Closed Optimaximal closed 3 years ago
add storage monitoring to the plugin
Do you mean VMFS datastores? No, this is not possible as this is not a physical element and therefore won't appear in the CIM elements. Physical drives however are usually in the CIM element list, as long as the server hardware supports it. But you see this from your output already.
exclusion of storage monitoring (with something like -nodisk)
Yes, you can use the -i
/--ignore
parameter together with -r
/--regex
parameter to ignore all drives. Something like this should do it:
./check_esxi_hardware.py -H esxiserver -U root -P pass -i "Drive,Disk" -r
Sorry, mentioning Datastores was probably a red herring - I was referring to the Physical Disks visible in the iDRAC and the associated Virtual Disk(s) created on the onboard PERC, which are mounted as local datastores in ESXi.
Your plugin does not seem to have the option to query the storage exclusively (by excluding all other options), other than the general alarm when there's a warning. There also doesn't seem to be any way of collecting perf history of storage for the same reason.
I will using your ignore commands to suppress the warnings on the individual cloned elements, but unless I'm missing something obvious (or you're suggesting to use -i and ignore everything except Drive and Disk, there's no current way I can set up a service clone that is just geared towards monitoring the storage elements.
I was referring to the Physical Disks
Yes, physical disks/drives are monitored, as long as they appear in the elements sent by the CIM server (use verbose mode to see the list of CIM elements). If the physical drives don't show up in the list, then you might need to install additional VIBs from the hardware vendor (Dell OpenManage Offline Bundle and VIB for ESXi).
query the storage exclusively
That's right, the plugin does check all the CIM elements and using the -i
list, you can define which elements to exclude from the check.
set up a service clone that is just geared towards monitoring the storage elements
Although using the ignore list to achieve this, I don't know what you are trying to achieve with this? Why not simply check all the cim elements (hardware parts) and get alerted if one element fails? The plugin notifies what kind of element/hardware failed. Maybe I haven't seen such a practical use case before...
It could be a force of habit of my wanting to know granular information + learning Icinga2 and pushing it as hard as possible.
I've run the verbose output and, yes, the drive information is clearly there - what was the reasoning behind not producing perf data for the drive that would justify a separate exclusion etc.
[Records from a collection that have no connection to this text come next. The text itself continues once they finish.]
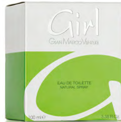
Eau de Toilette Natural Spray 100 ml
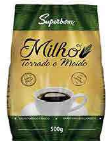
17557 CAFÉ DE MILHO SUPERBOM | 12X500GR 7896024810908
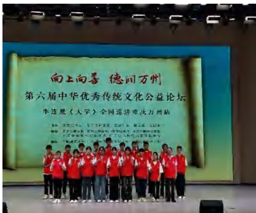
图 4 第六届中华优秀传统文化公益论坛志愿者服务活动

2022-2023 度，我校按例开展“学生对学校满意度的问卷调查”，总体上学生在校体验为非常满意，其中：理论学习满意度为 83%，基本与上年保持相当水平；专业学习满意度为 93%；实习实训满意度为 98%。本学年，学校进一步加强校园文化建设，丰富业余生活，校园文化满意度为 91%；社团活动满意度 90%；校园生活满意度为 98.3%；校园安全满意
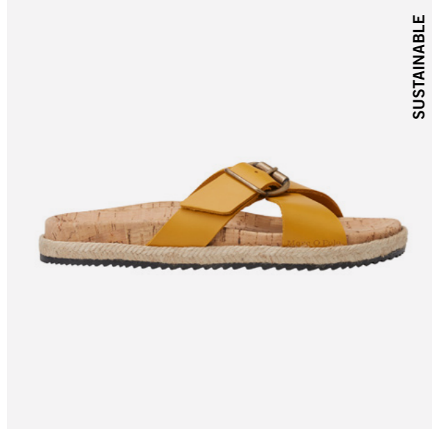
MARA 1A FLAT SANDAL 104 16501101 107 / 265 corn Sizes 36–42 RRP 89,95 €
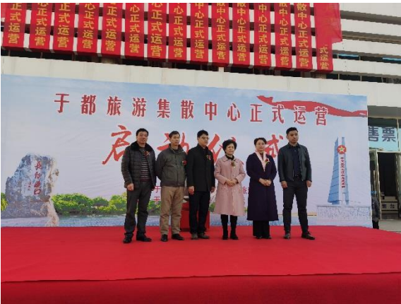
1. 旅游集散中心揭牌运营
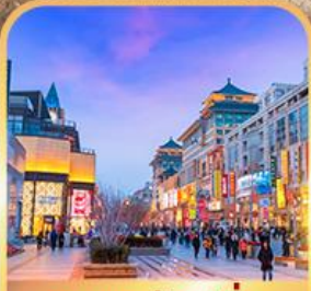
ถนนหวงฟู่จิ่ง
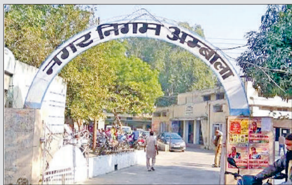
अंबाला। नगर निगम ऑफिस का बाहरी दृश्य।

द्वारा ताजा परिसीम अर्थात् सभी 20 वार्डों की नए सिरे से वाइबंदी की जाएगी। उसके बाद निर्वाचन आयोग द्वारा मतदाता सूचियों को अपडेट करने की प्रक्रिया आरंभ की जाएगी जिसमें एक से दो महीने का समय लगेगा। यह प्रक्रिया संपन्न होने के बाद शहरी निकाय विभाग द्वारा नए सिरे निर्धारित किया जाएगा कि 20 वार्डों में से कौन कौन सा वार्ड किस वर्ग के लिए आरक्षित होगा। यह भी तय होगा कि मेयर का पद भी किस वर्ग के लिए आरक्षित होगा अथवा अनारक्षित होगा। उसके बाद निर्वाचन आयोग आम चुनाव की घोषणा होगी। 2018 से प्रदेश में नगर निगम मेयर का प्रत्यक्ष चुनाव होता है।
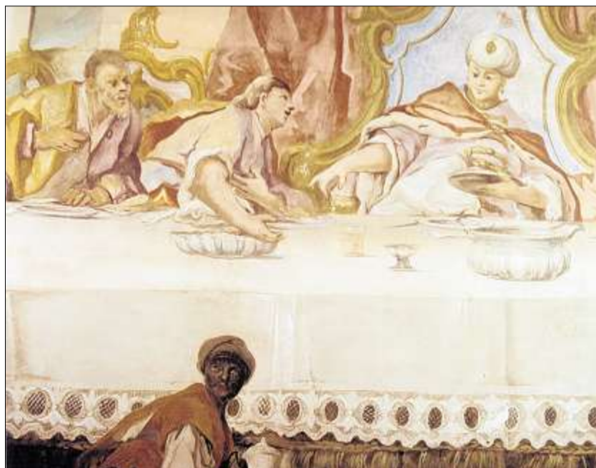
Das Deckenfresko im Festsaal des Klosters Walderbach.
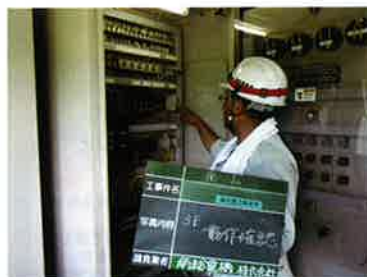
配電盤の点検状況

業務名：揚水機点検委託業務 場所：天羽地区 事業内容：揚水機点検 11 箇所 委託費：451,440 円 請負者：南総電機(株)
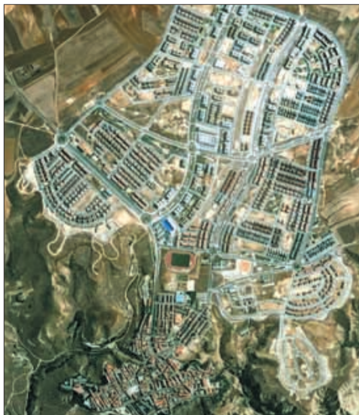
Una vista aérea del barrio de Valdecarros

El emplazamiento en el distrito madrileño tiene a su favor su buena comunicación por carretera, por su cercanía a las vías de circunvalación M-45 y M-40, y por transporte público, con la presencia del Metro. Sin embargo, en su contra, se encuentra su cercanía al completo vertedero de Valdemingó-
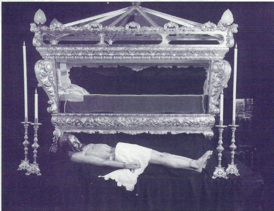
Idea y composición: josefe doblas corpas
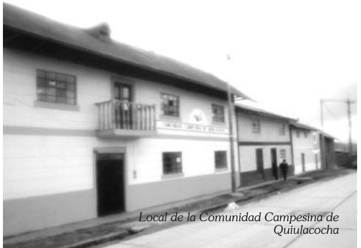
Local de la Comunidad Campesina de Quiulacocha

Al parecer desde Centromin Perú, no se ha tenido un estudio adecuado, porque no se tiene resultados favorables para la comunidad. Como comunidad nosotros no contamos con recursos para el mantenimiento de estas plantaciones. De mil cien plantas que se sembraron, solo estimamos que hasta ahora existen 300 plantas y en pésimas condiciones; Centromin Perú los sembró y los dejó.
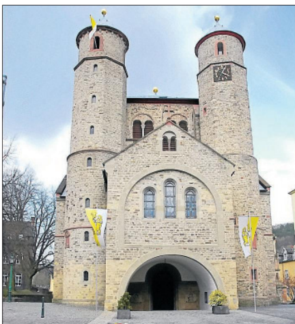
Pflastersteine vor der Stiftskirche deuten die Schlangen der Pilger zum Grab der Heiligen Chrysanthus und Daria an.
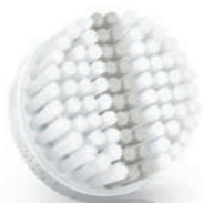
EXFOLIATION brush head (SC5992)

3 Weekly exfoliation / Exfoliation hebdomadaire / Esfoliazione settimanale / Wekelijkse scrub / Ежедневный пилинг

Obviously it's your plugin = your choice. Maybe I need to learn Python and fork it 😄
what was the reasoning behind not producing perf data for the drive
Because the drives don't have any perf data on a CIM level. They only show their current status. You could only get performance data such as I/O from the OS (ESXi).
So if I understand you correctly, your feature request would be an exclusive parameter to only monitor specific elements (the opposite of the ignore parameter)? Is that right? (even though I still don't see what's there to gain defining multiple service checks)
Yes, I've just reviewed the output and see that data is only what is displayed, which is annoying.
You'd imagine Dell exposing something like the capacity metrics & more SMART information would be sensible, but c'est la vie... I'm not sure what would be required to install additional VIBs - is that done by installing them onto ESXi or is this something installed on the server executing the script, like SNMP MIBs (in this case, Icinga2 running on Ubuntu 18.04)?
I guess the feature request would be an optional --no-disk parameter that behaves the same way as the other values, effectively ignoring disk-related items. Perf data would be an OK, WARN (for Predicted Failures) or CRITICAL result from each disk.
I'm going to close this issue as I've realised that the iDRAC monitoring plugin can grab all the information from the server via a more direct means.
Thanks for your work anyway 😄
Is it possible to add storage monitoring to the plugin (including both physical & virtual disks and/or data stores) and also allow the exclusion of storage monitoring (with something like -nodisk)?
The plugin currently reports actual/predicted drive failures in the warning message, but I currently use the plugin with Icinga2 and I have all the commands configured as separate services in a set, only each service is now failing because of a drive failure in the RAID.
Edit - for reference, this is on Dell PowerEdge hardware.